On the conference — "I have been to seventeen civic technology conferences in eleven years. The Shadewater event is the only one where the exhibitors were quieter on the last day than the first, as though something had gone differently than planned. The coffee was good."
— K. Vorster, delegate, Northwestern Interstate Bank
On the Horizon Mapping demonstration — "I attended on Tuesday afternoon, back row. The demonstrators were very calm throughout. At one point the operator appeared to lose control of the system for perhaps thirty or forty seconds. During that time the room looked different. I have thought about how to describe this exactly and I cannot. The demonstrators had the same expression afterward that people have after a near miss on the highway. When I asked one of the staff what had happened he said it was a calibration step and offered me a brochure."
— K. Vorster, delegate, Northwestern Interstate Bank
On Pavilion B12 — "I spent about an hour looking for Pavilion B12 on the day of the final demonstration. It is not on the printed conference map. It is not on the hotel map at the front desk. A Sezzler staff member showed me a hand-drawn diagram on a notepad — she said a guest had left it — and it was on that.
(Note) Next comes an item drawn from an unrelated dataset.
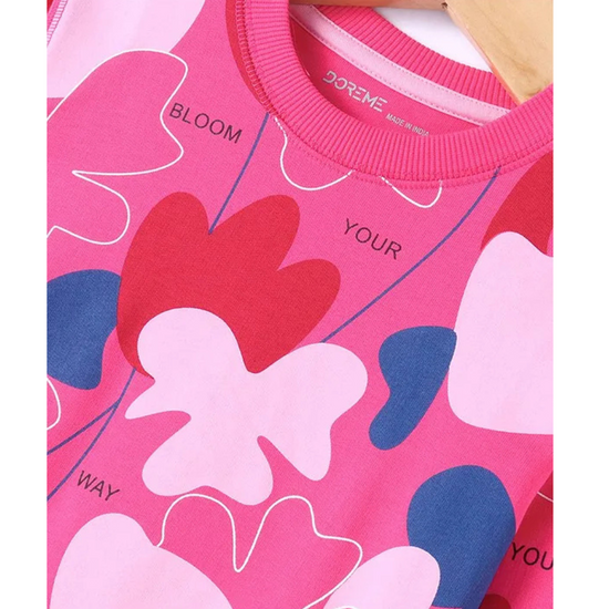 Brighten up your child’s wardrobe with this pink full-sleeve sweatshirt featuring bold and playful floral-inspired abstract prints in shades of red, pink, and navy blue. Adorned with motivational text like “Bloom Your Own Way”, this sweatshirt combines comfort with cheerful style, making it perfect for everyday wear.

I followed the diagram. I found a corridor I had not seen before. I decided not to continue. I have the diagram if the Clerk's Office would like it."
— Name withheld at writer's request
On Catfish Lake — "I went to the lake on Wednesday morning before the restrictions. I looked down from the north launch and the water was clear enough that I could see quite far down. I did not see a bottom. I am an experienced diver. I went home."
— Name withheld at writer's request
UNDER CONSTRUCTION Photo galleries pending restoration. Some photo files appear at the requested URL but display different images on each load. Cause under review.